Two major convergences that did not work out well for Africa.

For one, the colonization of the Americas along with the great dying meant a labor shortage. Europeans really were not suited to work in the New World climate, and the native populations were wiped out mostly by disease. So the demand was met by African slaves. Africa already had a slave trade, but the demand for labor for the Americas dramatically increased the demand for African slave labor. This diverted African economies away from resourcing producing activities towards resource depleting activities, like slave trading. It also meant that capital and power was accumulated by those who had less of an interest in building up Africa, towards only those whose only sought short term gains (by selling slaves) and increasing power.
I'm sorry, but this sounds like badly applied Marxist theory. "Resource-depleting" activities as in the trading of gold, ivory and slaves was the source of the wealth of the west African trading empires from long before arrival of European traders and colonists. This wealth depended on the trading with the economically far more advanced Arabs and indirectly also with the Europeans. These west African trading empires were not industrial hubs with advanced manufacturing capabilities, they sold and thrived on what nature had given them. In order to become a "resource-producing" economy, you need technology. Did west Africa possess any advanced manufacturing technology? Handwoven textiles could hardly have become the starting point of any industrialization. For those textiles to have become relevant on any wider market, they would have had to compete with superior industrial textiles from the markets of Europe, India, etc. Many countries are still struggling today with the transitioning from a "resource-depleting" to a "resource-producing" economy. You don't succeed with this through sheer vision and will-power alone, you need advanced technology and skilled labour.
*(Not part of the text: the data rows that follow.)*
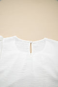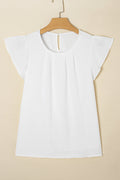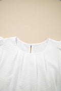 - This white blouse is graceful with flounce sleeves.The pleated detailing adds a chic detail to this women summer top.The crinkled fabric adds a textured touch and visual interest.Round neck and solid color offer a classic and versatile look.
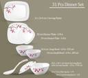 31-Pcs Dinner Set (cms) (6 Pcs Dinner Plates-28, 6 Pcs Small Plates-19, 6 Pcs Soup Bowls-10.4, 6 Pcs Small Bowls-9.6, 2 Pcs Serving Bowls-20.3, 2 Pcs Serving Bowl Lids-20.5, 1 Pc Serving Platter-31 x 24.9, 1 Pc Rice Spoon-24 x 7.6, 1 Pc Serving Spoon-24 x 7)
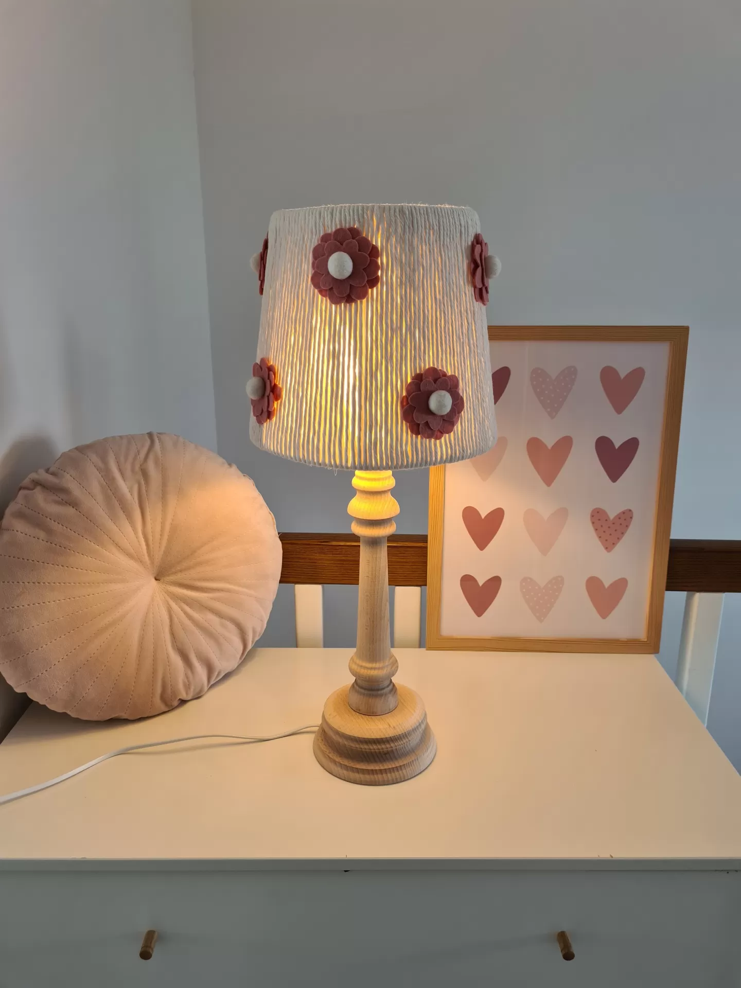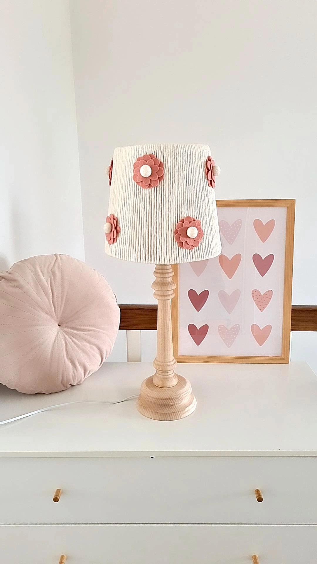 • Abajur com base em madeira e cúpula branca com flores cor de rosa sobre cómoda branca, com almofada redonda rosa e quadro de corações no fundo
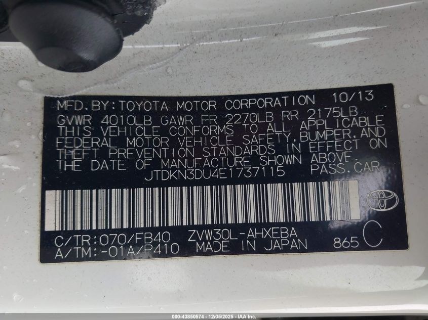 Цвет БелыйЦилиндры 4Привод Передний приводVIN JTDKN3DU4E1737115Состояние СтационарноПовреждения Передняя или задняя AutoRIA
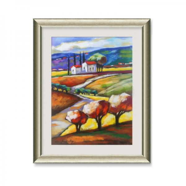 - היצירה מגיעה עם פספרטו (שוליים) ברוחב 5 ס"מ בצבע לבן או קרם ומצופה בזכוכית שקופה להגנה.
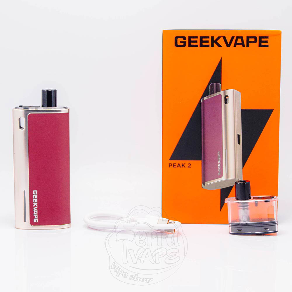 Geekvape Peak 2 Pod System Kit 1600mAh - це вдосконалена, друга версія багаторазової POD-системи Peak від відомого виробника Geekvape. Довгу автономність пристрою надає вбудована батарея, ємність якої становить 1600mAh, а також швидка зарядка 5V/2A через порт Type-C. Максимальну потужність девайс видаватиме 20W. Пристрій простий в використанні, так як не має ні кнопок, ні екрану.
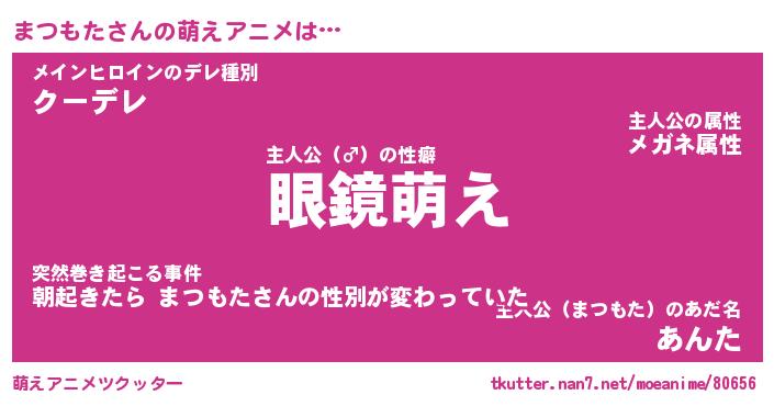 | 男性向けラノベタイトル風あだ名 | 『まつもたの憂鬱』 |
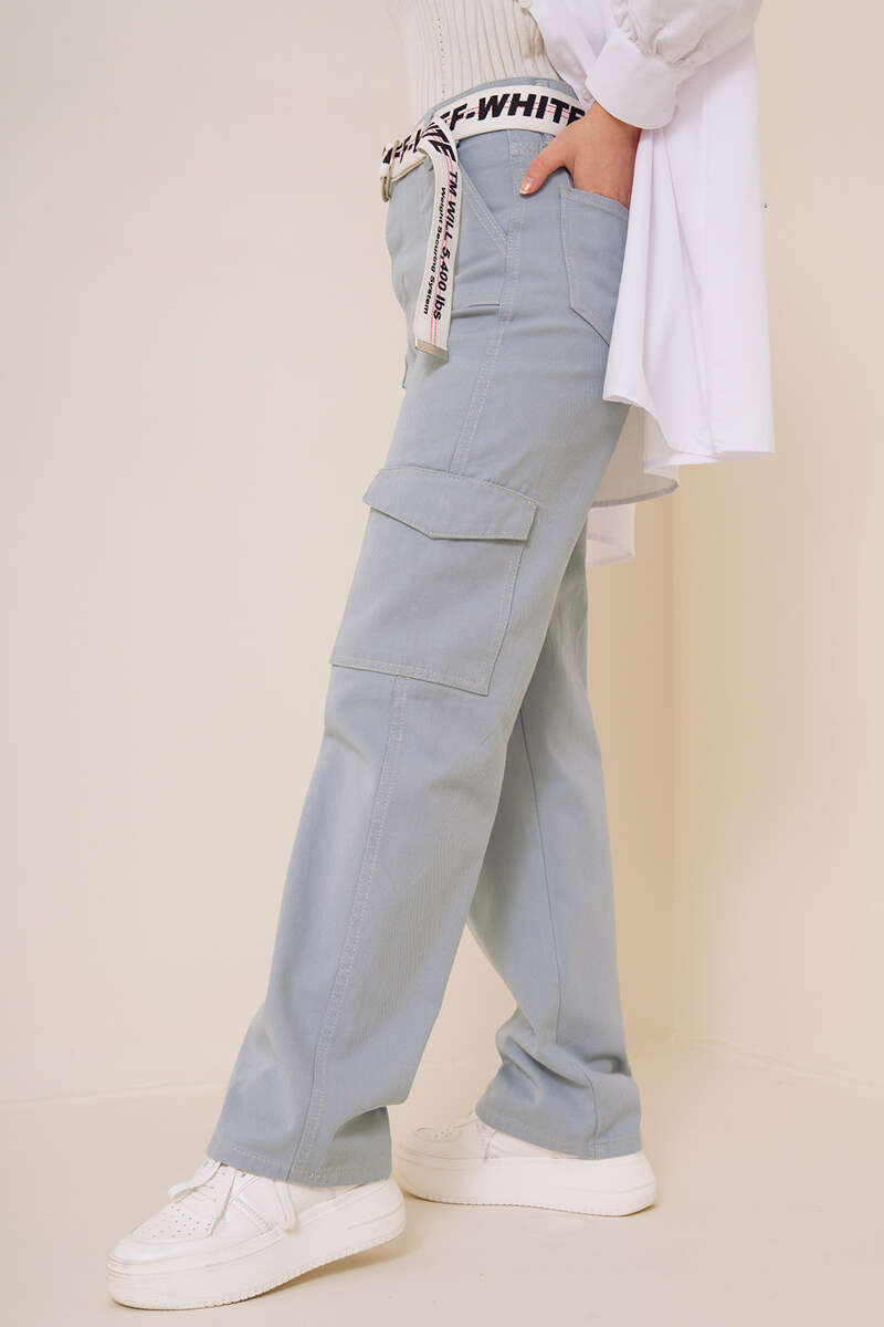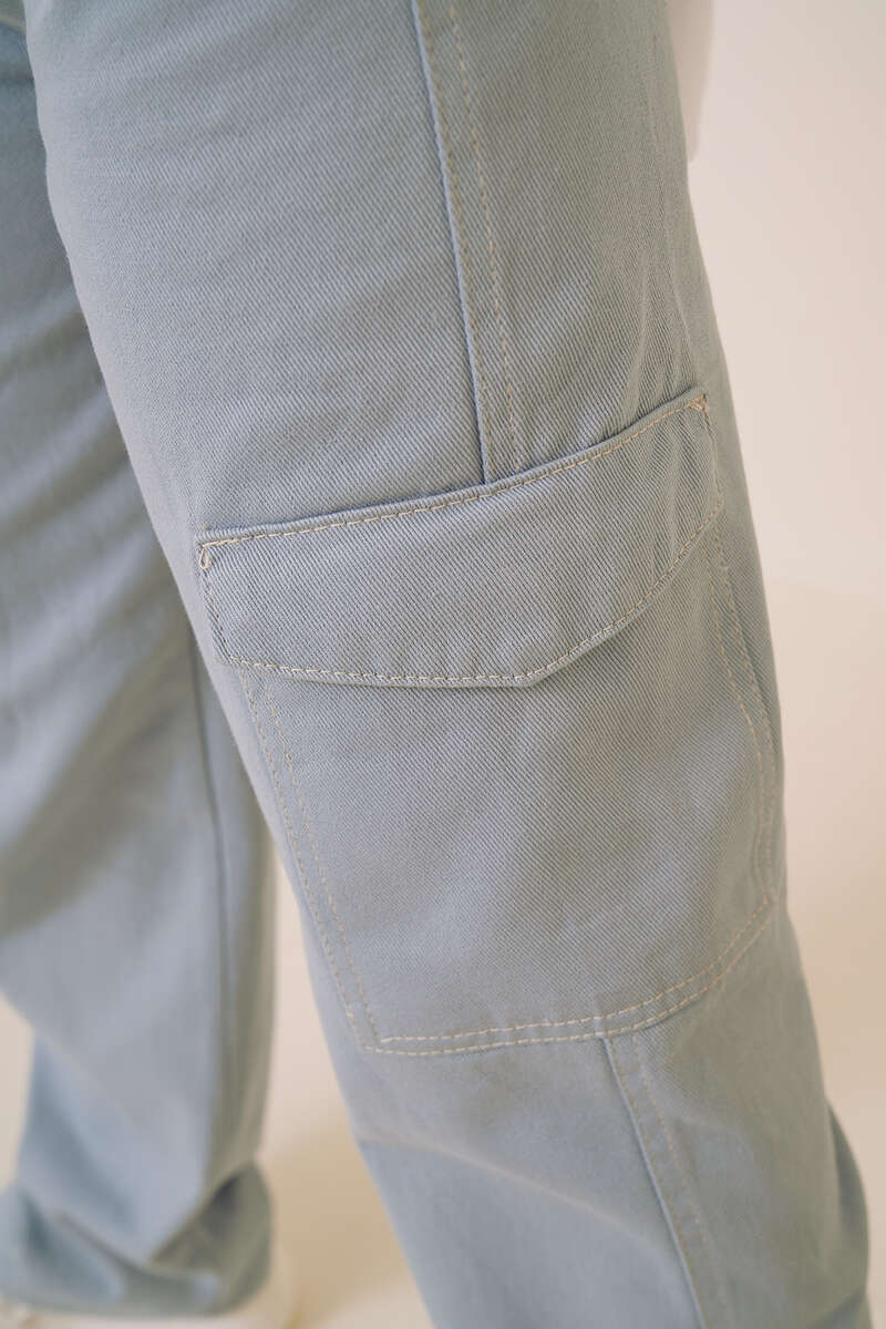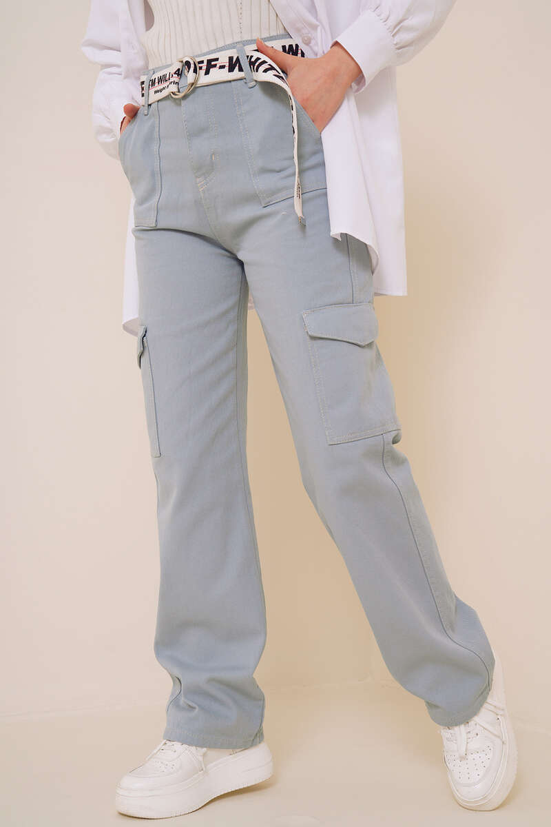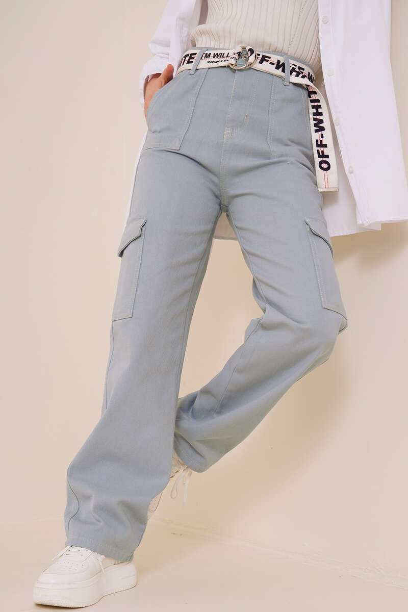 Yeni sezonda sportif çizgiler taşıyan şık kargo pantolonumuz sizlerle. İki adet arkada, iki adet önde, iki adet yanında olmak üzere toplam altı adet cebi vardır. Pantolonumuz düğmeli ve fermuarlıdır. Yüksek bel olan kargo pantolonumuz beş adet kemer köprüsüne sahiptir.
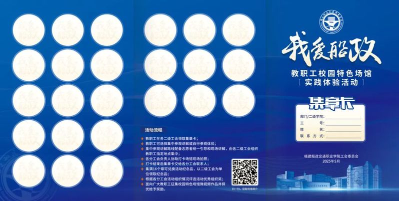 活動(dòng)以“創(chuàng)新船政、質(zhì)量船政、文化船政、開放船政”理念為牽總,學(xué)院校史館、三全育人館、嚴(yán)復(fù)史績(jī)館、黨建思政船政文化研學(xué)中心“三館一中心”為組團(tuán),青年服務(wù)中心、“一站式”學(xué)生服務(wù)中心、職工之家“兩區(qū)三陣地”為輻射,航海技術(shù)、安全技術(shù)與管理兩大“雙高”專業(yè)群為龍頭,交通土建、汽車運(yùn)用、通用航空、軌道交通、交通運(yùn)輸服務(wù)、機(jī)械與智能制造、信息技術(shù)與智慧交通為支撐的9大現(xiàn)代綜合立體交通專業(yè)集群16個(gè)特色實(shí)驗(yàn)實(shí)訓(xùn)基地為延伸,采用集章打卡互動(dòng)形式,通過(guò)沉浸式、體驗(yàn)式參觀方式,教學(xué)相長(zhǎng)、組團(tuán)互學(xué)研學(xué)實(shí)踐,充分活化學(xué)院“愛國(guó)強(qiáng)技、產(chǎn)學(xué)一體、精益求精、趨變求新”職教資源和辦學(xué)特色,充分激發(fā)學(xué)院教職工的自豪感、幸福感和獲得感,團(tuán)結(jié)引領(lǐng)廣大教職員工與學(xué)院發(fā)展同頻共振,與偉大時(shí)代進(jìn)步同向同行。
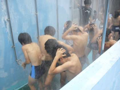 冷たいシャワーでも声を出さずに浴びた1組男子は、立派です。
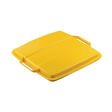 Große Abfall- und Wertstofftonne in quadratischer Form. Ideal für Müllsammlung und Recycling-Materialien. Lebensmittelecht in allen Farben (gemäß der EU-Verordnung 1935/2004/EG), mit Ausnahme der Farbe Schwarz, da diese Anteile recycelten Materials enthält. Rechteckiger Deckel für DURABIN 90 mit Griffen für leichtes Abnehmen. · Volumen: 90 l · Werkstoff: Polypropylen · Maße: 52 x 61 x 49 cm (B x H x T) · Griffrand vorhanden: Ja · Farbe: grau · Farbe des Deckels: gelb · Anzahl der Sortierfächer: 1 Sortierfach · Deckel vorhanden: Ja · Form: quadratisch
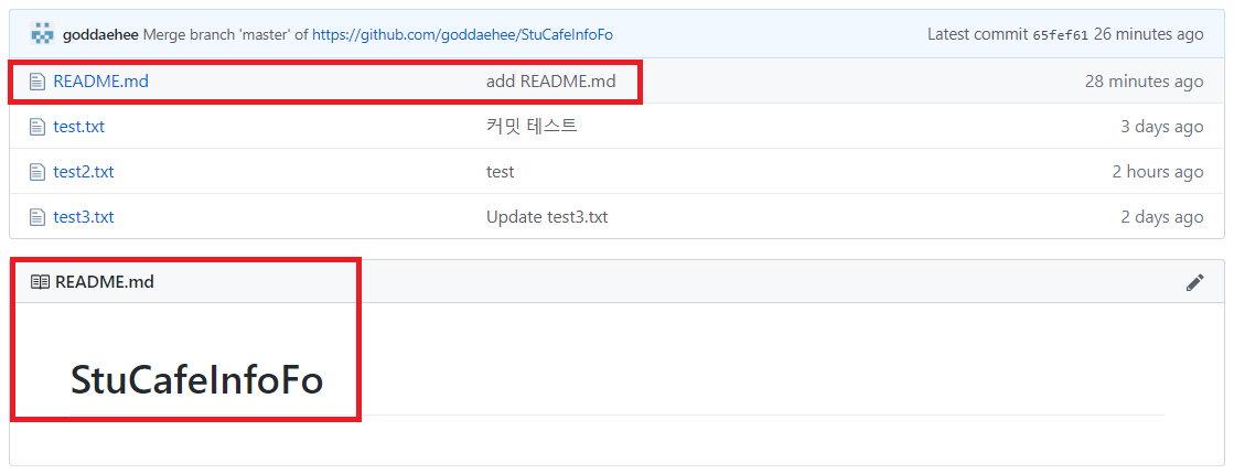 - 다시 GitHub에 들어가서 파일을 확인해보면 정상적으로 업로드 된 것을 볼 수 있다.

The second convergence was in the late nineteenth century. Stagnant economic growth, along with supply disruptions such as the Civil War in the United States, drove many European countries to try to diversify their economic portfolios, so to speak, by expanding their colonial possessions. This led to the "scramble for Africa," which was aided by the discovery of quinine (which gave Europeans resistance to Malaria), and the invention of the maxim machine gun, which enabled them to subdue and control Africa fairly easily.
The "scramble for Africa" was historically speaking a very late development in the history of the African continent and this was more the result of an on-going power game between European powers than it was a sound economically based initiative. Not all of the colonies actually brought any net profit to their colonial holders, they were kept simply as bargaining chips in a much wider power game.

A third major event was the dissolution of European empire after World War II, which effectively ended European colonial control over Africa. But the new countries were drawn without any sense or reason, with boundaries often cutting across ethnic, linguistic, and cultural lines. This in effect meant that civil war and conflict was built into the structure of the borders, which also meant that power lay with those with the greatest destructive, rather than productive, capabilities.
How should the borders have been drawn in order for there not to have been any overlapping etnic, linguistic and cultural lines? I think it's pretty clear that whichever way the borders were outlined, conflicts were inevitable. The only alternative would have been to leave the tribal structure untouched and let the natives fight it out on their own, which would have meant decades of bloody wars throughout the continent, probably far worse than what has happened. While I'm sure that the borders were not drawn up devoid of any interests that the colonial powers themselves had, I'm not convinced that leaving it up to the natives would have been a more preferrable solution. Just look at the recent border controversy between North and South Sudan, it's impossible for them to demarkate their new border because there are various non-resident tribal groups that move around certain areas or use them as a grazing ground for animals, so both sides can claim the territory based on the needs of a particular tribal group that's loyal to them. Those things rarely get solved peacefully on their own.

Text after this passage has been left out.